By running
ruby runner.rb input.md output.html
in your terminal (after cd'ing into the chisel/ project root directory), you will have succesfully converted markdown into HTML.
This project is going to center on Markdown and HTML. If you don't have experience with those two technologies it'll be hard to really understand how to construct/implement your code.
If you'd like to build just enough familiarity, try these resource:
- Codecademy's HTML and CSS Track focusing on the "HTML Basics" all the way up to but not including "CSS: An Overview"
- This Markdown Tutorial
HTML is an amazing tool for marking up documents, but it's not very fun for writing content.
Several years ago, John Gruber proposed the idea of Markdown. It's a style of text formatting that's less obtrusive than writing HTML, is easy to remember, and is highly readable even when not converted to HTML. Here's an example:
# My Life in Desserts
## Chapter 1: The Beginning
"You just *have* to try the cheesecake," he said. "Ever since it appeared in
**Food & Wine** this place has been packed every night."
Using a markdown parser, we could convert that example markdown document into the following chunk of HTML:
<h1>My Life in Desserts</h1>
<h2>Chapter 1: The Beginning</h2>
<p>"You just <em>have</em> to try the cheesecake," he said. "Ever since it appeared in <strong>Food & Wine</strong> this place has been packed every night."</p>
There are markdown parsers available for just about every language you can imagine. In the Ruby world some of the best known are Redcarpet, Rdiscount, and RedCloth.
Let's experiment with RedCarpet. Start by installing the gem:
$ gem install redcarpet
Then let's start IRB and load the gem:
$ irb
> require 'redcarpet'
Now we can use redcarpet from a pry session to render the snippet of markdown we looked at before:
renderer = Redcarpet::Render::HTML.new
engine = Redcarpet::Markdown.new(renderer)
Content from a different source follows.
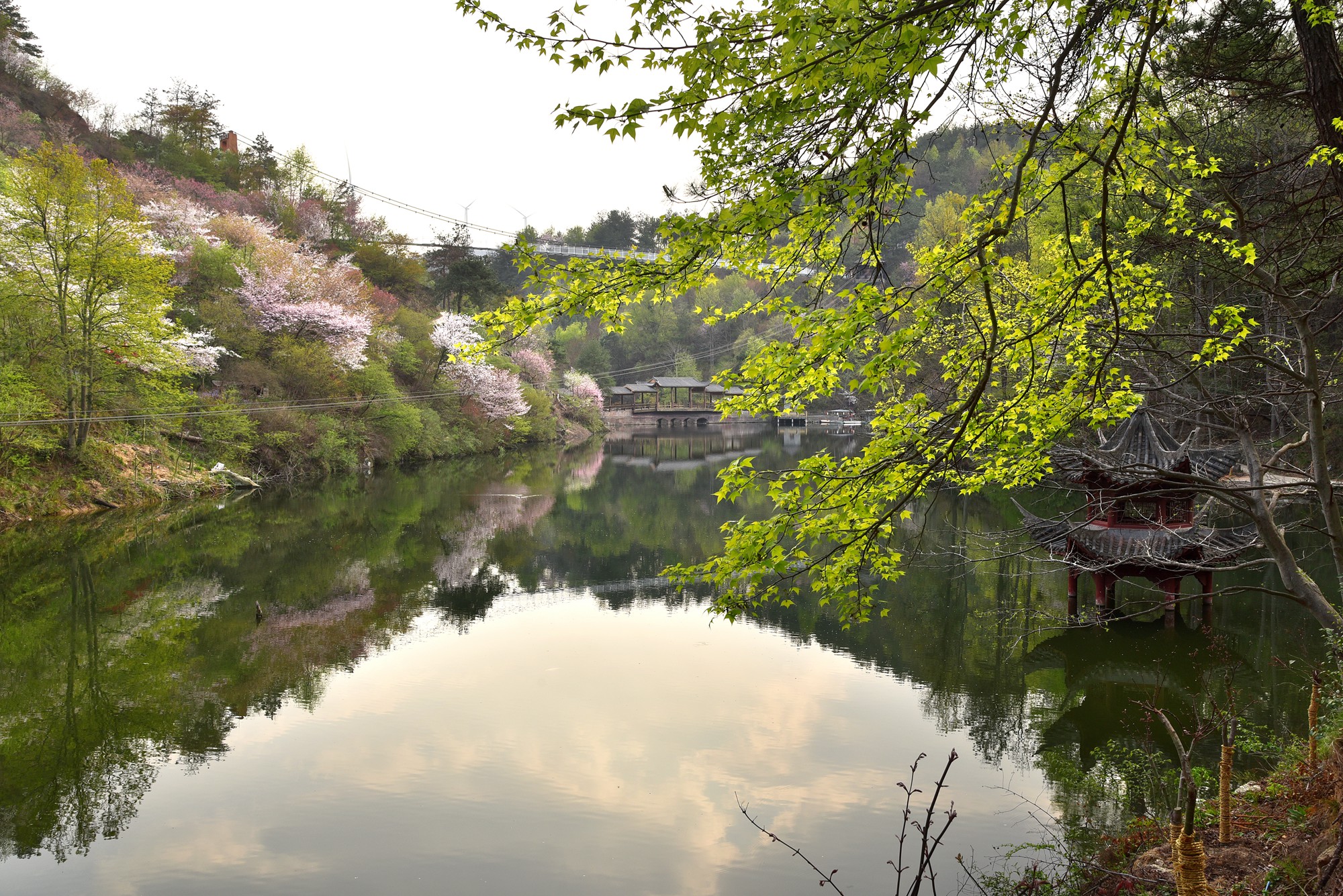春天的清凉寨呈现出新鲜艳丽的色彩,沿着台阶来到酒醉湖边,一池春水倒映着绿树红花,透出生机勃勃的春意。走在酒醉湖畔,虽然没有醉酒,却被这片春色醉了。

markdown_source = "# My Life in Desserts\n\n## Chapter 1: The Beginning\n\n\"You just *have* to try the cheesecake,\" he said. \"Ever since it appeared in **Food & Wine** this place has been packed every night.\""
engine.render(markdown_source)
=> "<h1>My Life in Desserts</h1>\n\n<h2>Chapter 1: The Beginning</h2>\n\n<p>"You just <em>have</em> to try the cheesecake," he said. "Ever since it appeared in <strong>Food & Wine</strong> this place has been packed every night."</p>\n"
During this project, we'll be building a simple markdown parser that performs some of the functions of Redcarpet!
As you work, it will sometimes be useful to use Redcarpet to check your work by validating that your code handles a chunk of markdown the same way it does.
- Practice breaking a program into logical components
- Test components in isolation and in combination
- Apply Enumerable techniques in a real context
- Read text from and write text to files
We're going to use Chisel from the command line, reading in Markdown files and writing out HTML. It'll go like this:
$ ruby ./lib/chisel.rb my_input.markdown my_output.html
Converted my_input.markdown (6 lines) to my_output.html (8 lines)
Where my_input.markdown
is a file like this:
# My Life in Desserts
## Chapter 1: The Beginning
"You just *have* to try the cheesecake," he said. "Ever since it appeared in
**Food & Wine** this place has been packed every night."
And the resulting my_output.html
would contain the following:
<h1>My Life in Desserts</h1>
<h2>Chapter 1: The Beginning</h2>
<p>
"You just <em>have</em> to try the cheesecake," he said. "Ever since it appeared in
<strong>Food & Wine</strong> this place has been packed every night."
</p>
Got it?
- Don't use any regular expressions
- Only use existing parsers to generate sample output or to validate your output
Parsing Markdown is a good application of spiraling design. As such, your expected functionality is broken down into levels. But all of these levels should be completed in order to earn full marks.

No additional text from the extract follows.